WHAT YOU ARE ASKED TO DO
Without any pictures, print the lines below from the one that has "Монтаж внутри трубы: установка" through the one that has "По-друге, в Офісі", exactly and nothing else.

GIVEN ENTRIES
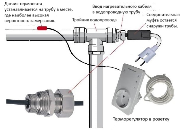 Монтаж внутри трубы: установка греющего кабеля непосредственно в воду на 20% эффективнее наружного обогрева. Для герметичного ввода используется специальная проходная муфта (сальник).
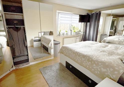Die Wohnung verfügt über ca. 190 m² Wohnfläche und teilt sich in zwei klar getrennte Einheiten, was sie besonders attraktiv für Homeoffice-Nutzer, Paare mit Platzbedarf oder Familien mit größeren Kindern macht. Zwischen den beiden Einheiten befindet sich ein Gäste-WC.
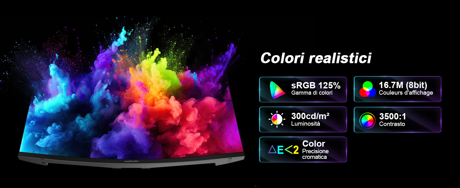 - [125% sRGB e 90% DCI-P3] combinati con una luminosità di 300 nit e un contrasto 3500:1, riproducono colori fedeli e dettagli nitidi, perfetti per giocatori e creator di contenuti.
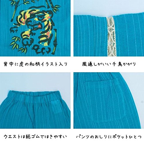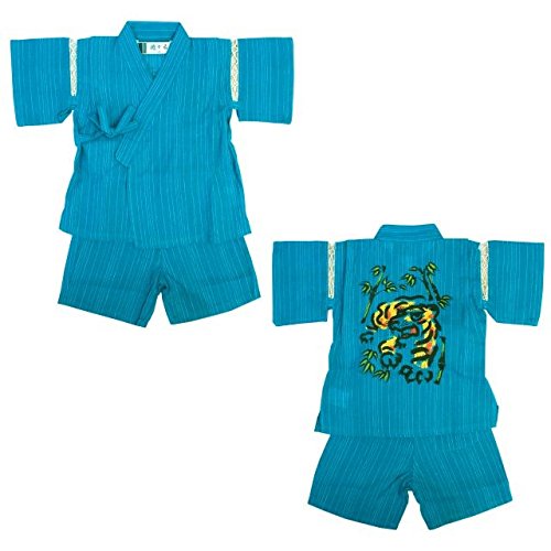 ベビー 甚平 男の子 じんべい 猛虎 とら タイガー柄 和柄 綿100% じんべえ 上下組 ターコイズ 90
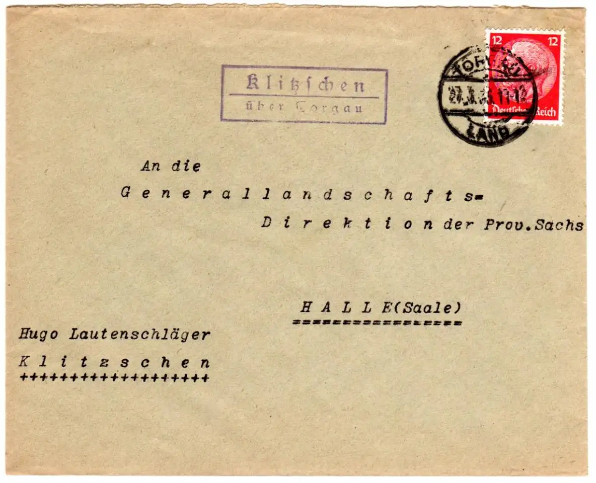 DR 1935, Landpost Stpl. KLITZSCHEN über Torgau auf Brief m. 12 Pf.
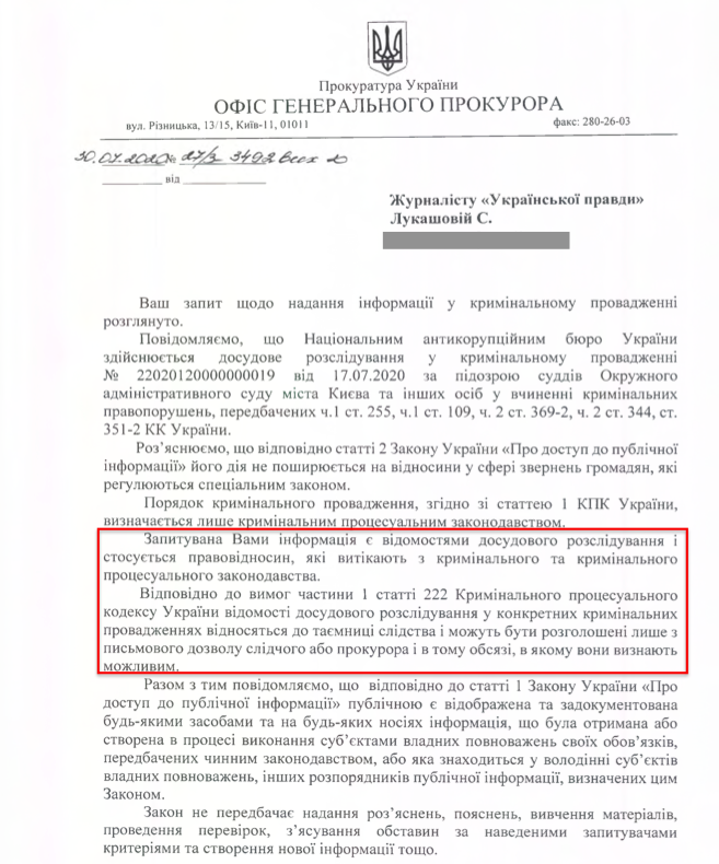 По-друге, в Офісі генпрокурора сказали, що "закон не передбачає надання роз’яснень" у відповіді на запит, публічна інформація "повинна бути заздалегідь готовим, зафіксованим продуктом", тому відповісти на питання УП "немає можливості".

--

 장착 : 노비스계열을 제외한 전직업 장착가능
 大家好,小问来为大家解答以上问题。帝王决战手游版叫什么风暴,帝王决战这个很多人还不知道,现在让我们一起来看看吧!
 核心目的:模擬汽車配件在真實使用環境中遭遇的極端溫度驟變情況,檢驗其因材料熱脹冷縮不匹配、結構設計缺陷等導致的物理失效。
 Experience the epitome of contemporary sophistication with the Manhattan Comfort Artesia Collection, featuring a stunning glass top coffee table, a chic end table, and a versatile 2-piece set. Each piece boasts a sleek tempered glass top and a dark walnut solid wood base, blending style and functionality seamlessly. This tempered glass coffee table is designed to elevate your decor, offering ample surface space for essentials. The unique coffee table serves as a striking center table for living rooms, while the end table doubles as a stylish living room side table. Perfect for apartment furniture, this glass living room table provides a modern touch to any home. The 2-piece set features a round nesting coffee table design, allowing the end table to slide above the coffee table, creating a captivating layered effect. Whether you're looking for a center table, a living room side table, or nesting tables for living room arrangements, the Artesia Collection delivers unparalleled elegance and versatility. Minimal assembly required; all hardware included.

---

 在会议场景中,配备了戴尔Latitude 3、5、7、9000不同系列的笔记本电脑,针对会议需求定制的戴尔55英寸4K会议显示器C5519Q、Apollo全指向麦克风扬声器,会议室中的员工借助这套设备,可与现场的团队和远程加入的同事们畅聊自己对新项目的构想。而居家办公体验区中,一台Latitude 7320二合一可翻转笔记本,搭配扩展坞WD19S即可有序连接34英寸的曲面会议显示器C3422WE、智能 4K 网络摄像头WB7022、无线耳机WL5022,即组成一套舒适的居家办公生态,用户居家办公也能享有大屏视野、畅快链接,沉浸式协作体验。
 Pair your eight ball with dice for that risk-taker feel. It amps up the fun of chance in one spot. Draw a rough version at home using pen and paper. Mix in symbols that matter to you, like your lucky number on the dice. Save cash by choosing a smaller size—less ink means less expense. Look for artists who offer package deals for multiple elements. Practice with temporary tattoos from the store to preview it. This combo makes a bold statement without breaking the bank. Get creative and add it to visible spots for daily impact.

SOLUTION FOR THIS PROBLEM
 Монтаж внутри трубы: установка греющего кабеля непосредственно в воду на 20% эффективнее наружного обогрева. Для герметичного ввода используется специальная проходная муфта (сальник).
Die Wohnung verfügt über ca. 190 m² Wohnfläche und teilt sich in zwei klar getrennte Einheiten, was sie besonders attraktiv für Homeoffice-Nutzer, Paare mit Platzbedarf oder Familien mit größeren Kindern macht. Zwischen den beiden Einheiten befindet sich ein Gäste-WC.
 - [125% sRGB e 90% DCI-P3] combinati con una luminosità di 300 nit e un contrasto 3500:1, riproducono colori fedeli e dettagli nitidi, perfetti per giocatori e creator di contenuti.
 ベビー 甚平 男の子 じんべい 猛虎 とら タイガー柄 和柄 綿100% じんべえ 上下組 ターコイズ 90
 DR 1935, Landpost Stpl. KLITZSCHEN über Torgau auf Brief m. 12 Pf.
 По-друге, в Офісі генпрокурора сказали, що "закон не передбачає надання роз’яснень" у відповіді на запит, публічна інформація "повинна бути заздалегідь готовим, зафіксованим продуктом", тому відповісти на питання УП "немає можливості".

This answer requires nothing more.